For block devices — especially HDDs with spinning platters — the physical movement of the disk head becomes a performance bottleneck. The I/O scheduler reorders I/O requests from multiple processes to minimize the distance the disk head must travel.

Looking at the major I/O schedulers that have been used in Linux reveals the design philosophy behind each one.

The noop scheduler (now called none) does exactly what its name suggests — no reordering at all. Requests are forwarded to the device in the order they arrive. For devices like SSDs that have no seek time, reordering is unnecessary overhead, making noop the appropriate choice.

CFQ (Completely Fair Queuing) maintains a separate queue for each process and allocates fair I/O bandwidth to each. It was effective at preventing any single program from monopolizing I/O on desktop systems where multiple applications accessed the disk simultaneously.

The deadline scheduler assigns an expiration time to each I/O request. Read requests have a default deadline of 500ms and write requests 5 seconds, with requests nearing their deadline processed first. This approach prevents starvation caused by I/O reordering while still performing a reasonable level of optimization.

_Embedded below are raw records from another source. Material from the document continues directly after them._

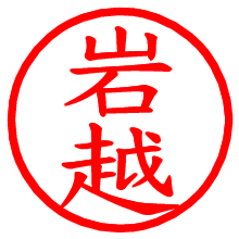 [朱肉の色]を選び、入力窓に“岩越”と入力して[生成]ボタンを押すと、印影が更新され、リンクから電子印鑑(デジタル印影)がダウンロードできます。 電子印鑑「岩越」の作り方文字表示が変なときや、文字バランスが悪いときは[字形切替]のチェックボックスでON/OFFを切り替え[生成]しなおしてください。 生成される画像は通常の印影「岩越.png」と、にじみを表現した少し太めの印影「岩越B.png」の背面透過PNG形式2種と、鮮明なPDF形式の印影「岩越.pdf」の計3種類です。 朱肉の微妙な色の違いを7色で表現しました。デフォルト(左端)は、JISが定めた朱肉の色のマンセル値(7.5R 5/14)をRGB値(217,66,54)に変換したものになっています。 「電子透かし」にチェックを入れて[生成]ボタンを押すと、タイムスタンプを電子透かしとして埋め込んだセキュアな電子印鑑が作れます。詳細は別ページの「タイムスタンプと電子透かし」でご覧ください。 岩越さんの日付印が作れます。「日付スタンプメーカー」は、社内向けの書類に利用されることの多い日付印(データ印)が無料で作れるWebアプリケーションです。中段に日付が入り、上段と下段は、ともに8文字まで文字が入ります。 ![]() 古代文字で落款印が作れます。「落款スタンプメーカー」で作品を引き立たせる落款印が作れます。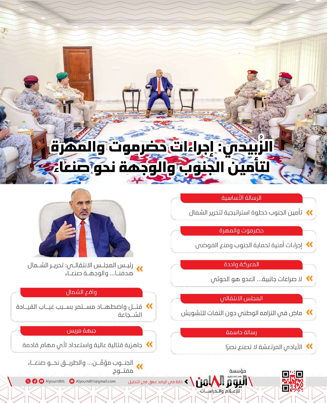 الزُبيدي: إجراءات حضرموت والمهرة لتأمين الجنوب والوجهة نحو صنعاء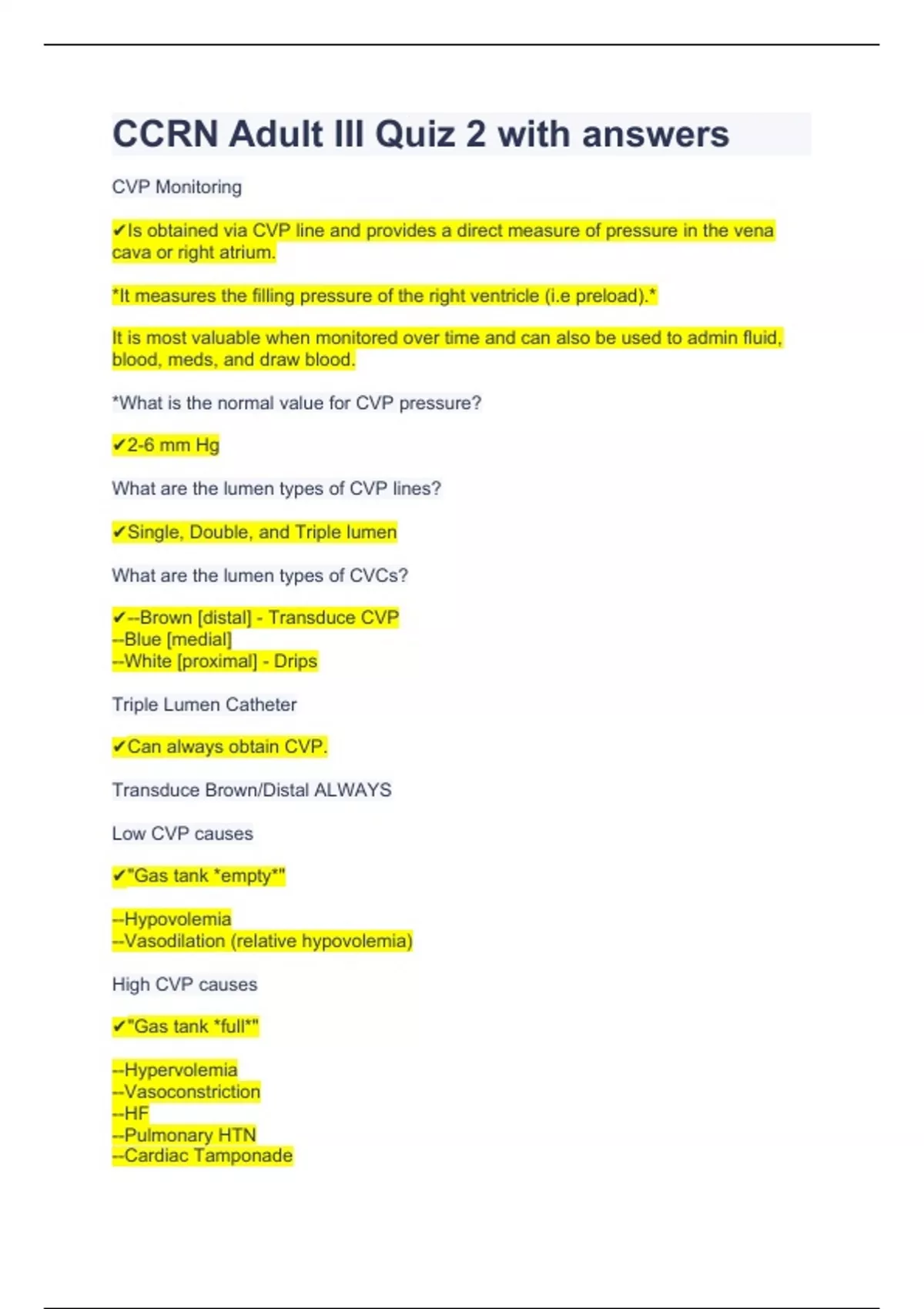 CCRN Adult III Quiz 2 with answers

BFQ (Budget Fair Queuing) is the successor to CFQ. It allocates an I/O budget to each process and ensures fair disk usage within that budget. It delivers particularly good responsiveness on slow devices and interactive workloads.

$ cat /sys/block/sda/queue/scheduler
[mq-deadline] kyber bfq none

Modern Linux kernels use the multi-queue block layer (blk-mq), and you can choose among mq-deadline, kyber, bfq, and none as shown in the output above. The advent of NVMe SSDs gave storage devices their own multiple hardware queues, and the legacy single-queue scheduler could not exploit this parallelism — which is why the entire block layer was redesigned.

DMA: Data Transfer Without the CPU

What would happen if the CPU had to copy each byte one by one when transferring large amounts of data from disk to memory? The CPU would be unable to perform any other work until the transfer completed. DMA (Direct Memory Access) is the hardware mechanism that solves this problem.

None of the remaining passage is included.